Summary and Keywords

Although the concept of natural hazard management as the central institutional mode of governance for coping with disasters appeared in the 1970s, inter-agency collaboration in natural hazard management came to the fore with the declaration of the United Nations (UN) Yokohama Strategy in 1994. The Yokohama Strategy focused on collaboration amongst international and regional organizations, donors, early-warning systems, the scientific community and national emergency agencies, among others. The successors of the strategy, the Hyogo Framework for Action launched in 2005, and the Sendai Framework for Disaster Risk Reduction in 2015, continue to emphasize the same.
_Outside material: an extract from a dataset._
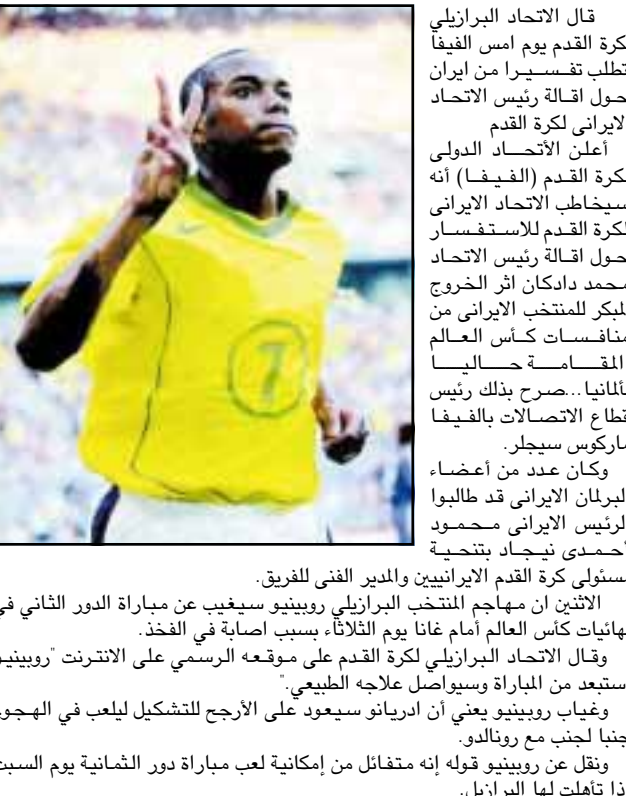
Koora.com

Inter-agency collaboration in governing hazard management is a collective effort, and these efforts have been promoted through cooperation, communication, and effective decision making between actors and organizations, enabled by enhanced technology. The content of the UN’s Yokohama Strategy, Hyogo Framework, Sendai Framework, and the cluster system bear this out. However, more research is required to understand the extent to which national governments have translated the UN’s frameworks into action. Studying how governments and responders coordinate and cooperate and what they coordinate, cooperate on, and communicate will clarify the realized processes that underpin hazard management.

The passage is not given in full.